Some areas are begin re-gentrified. That means they are sick of the purple houses, cars on the lawn, sofas on the porch, unpaired broken windows, etc. To correct this, they are engaging in somewhat strict code enforcement. It is the only way to make an awful area nice again. So, if you want to be left alone to do as you will, you do not want to be in an area that is on the upswing. They tend to be even more strict than already nice areas. They have to enforce evenly, so your purple house cannot be tolerated any mroe than the junk cars on the front lawn - if a purple house is not allowed. There are many places where the color of your house is not a concern, but you will have to maintain it and follow other rules. It is my understanding you want a place where you will be left alone to do as you please. Such areas exist, but many of them are not in places where you would live very long.

On the other hand, you do not want to be in an area where you need to surround your property with razor wire and buy six dobermans trained to kill.

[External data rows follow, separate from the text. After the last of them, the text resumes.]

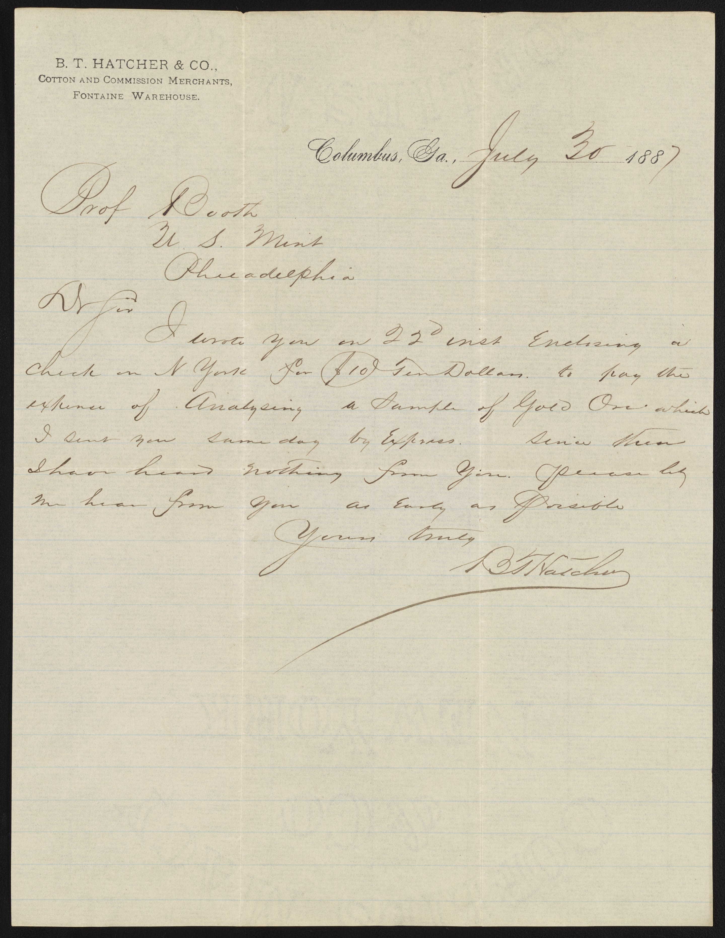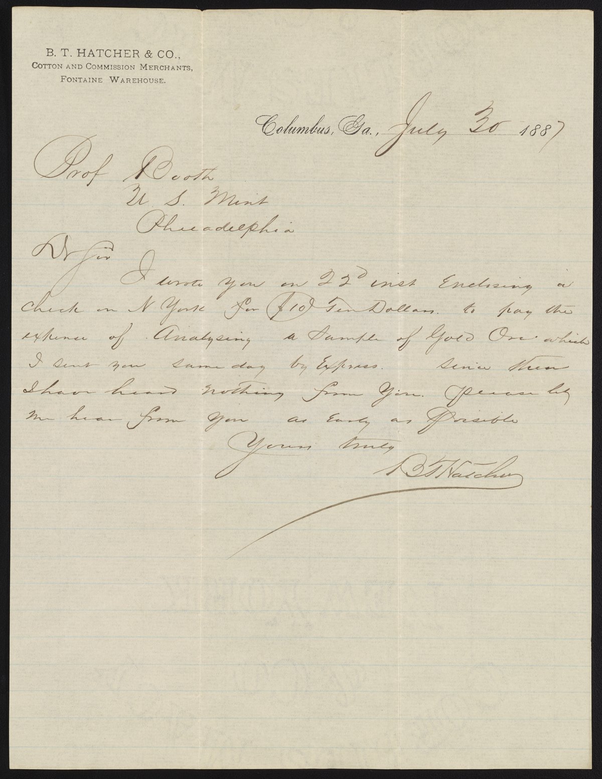 Letter from B.T. Hatcher & Co. to James Curtis Booth, July 30, 1887
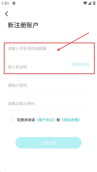 3、在新注册账户页面,填写请输入手机号码或邮箱对应的信息,并填写输入验证码的内容。
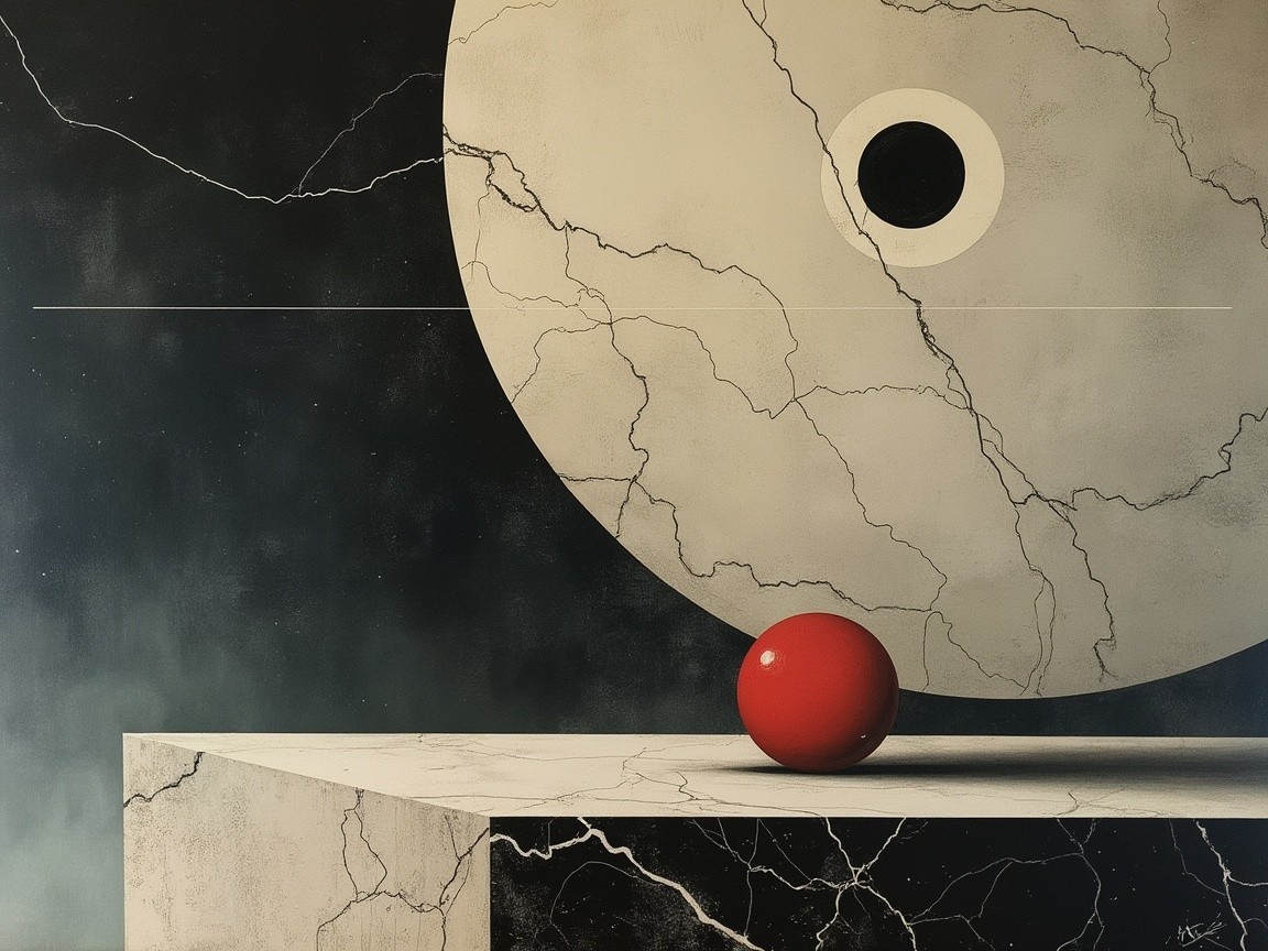 A surreal composition featuring a large celestial body against a dark, starry background. A polished, colorful orb sits atop a marble-like structure, merging cosmic elements with artistic design.
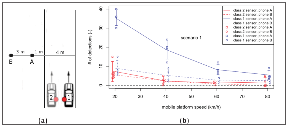 With a class 2 sensor, the difference is nearly negligible. Again there does not seem to be an indication, however, that this distance blocks the methodologies usability. Next, the position of the sensor on the mobile platform needed to be investigated. Since it was not possible to mount an antenna on the rooftop of the car, it had to be placed inside of the car. Prior experiments had shown the rear side window being the best location in contrast to the ceiling or the front windshield (not shown). It was not known, however, what the effect was of the sensor either facing or not facing the side of the road with detectable phones. This was tested by performing passage runs at a speed of 60 km/h under both scenarios (Figure 3(c)). Contrary to what could be expected, both phones were detected more often when the sensor was not facing them (scenario 2) although the difference is clearly not statistically significant. The difference between both phones is more pronounced, showing that the effect of the distance is larger than that of the sensor placement in the car. In order to minimize the probability of missing detectable phones, the mobile platform was equipped with a class 1 sensor on each side during the actual case study experiment described in the next section.
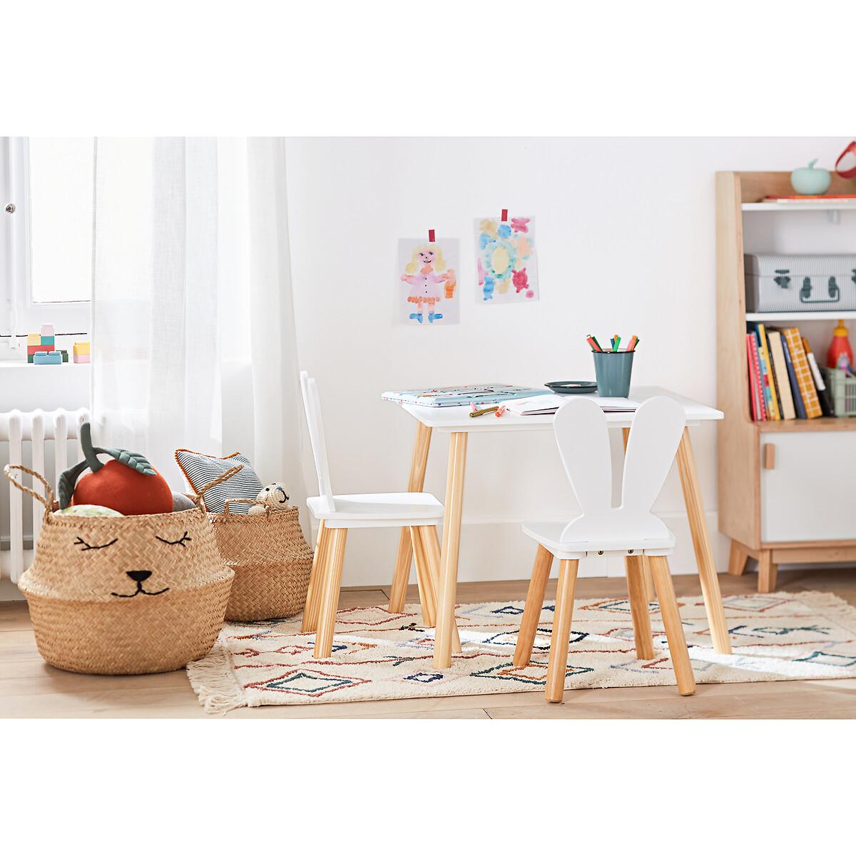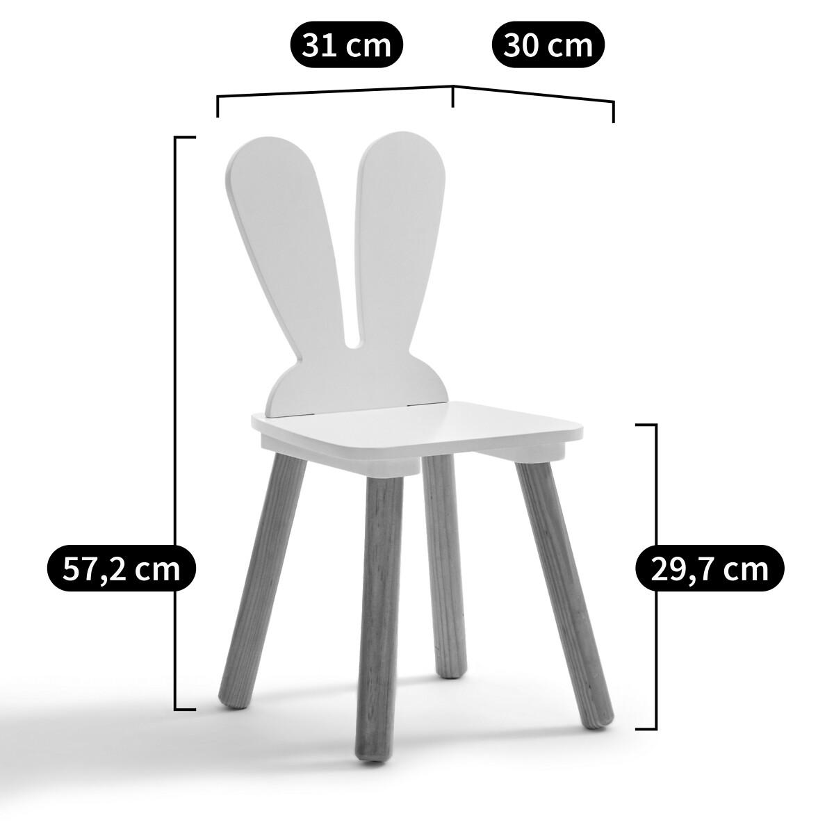 Playful, solid, stable... Adapted to the size of toddlers, the Aglaee chair features bunny ears as the backrest. Combine it with the table of the same name to create a cosy corner dedicated to creative pursuits. A space for imagination. Product Details • Lacquered MDF and solid pine legs, nitrocellulose varnish finish. Dimensions • Width: 31cm • Height: 57.2cm • Depth: 30cm • Seat:L29 x H29.7 x D27cmDelivery:. Assembly required. Available for home delivery. Note! Please check that all access points are large enough to accommodate your delivery (doors, stairs, lifts).Dimensions and weight of parcel1 parcel • L38.5 x H12 x D34.5cm. Weight 2.6kg

It may be tough to find what you are looking for.

Del Ray might be such a place. It is basically empty. You do need security though. Del Rey is going to change dramatically with the construction of the Gordie Howe Bridge. No one can reasonably predict what it will be like two years after the bridge is completed.

Some place like Corktown, while safer and more in the fun zone is not going to have the live and let live attitude I think you are looking for. There are trying to attract more re-gentrification to the area, purple houses and eclectic lawn sculptures made of car parts, are not the kind of thing they want there.

Maybe you could buy those geodesic dome houses/buildings just outside of Corktown. It does not seem likely anyone will care what you do there, at least not for a while. Perhaps there is something available in the Heidelberg Project area, not sure.

Realistically, it sounds like for what you want, you might be better off in a rural area.

As for growing pot, I think you will need a license and inspections,etc. You will also have to be careful about not letting it be known and protecting your place form theft. That is a huge attraction for the criminal element.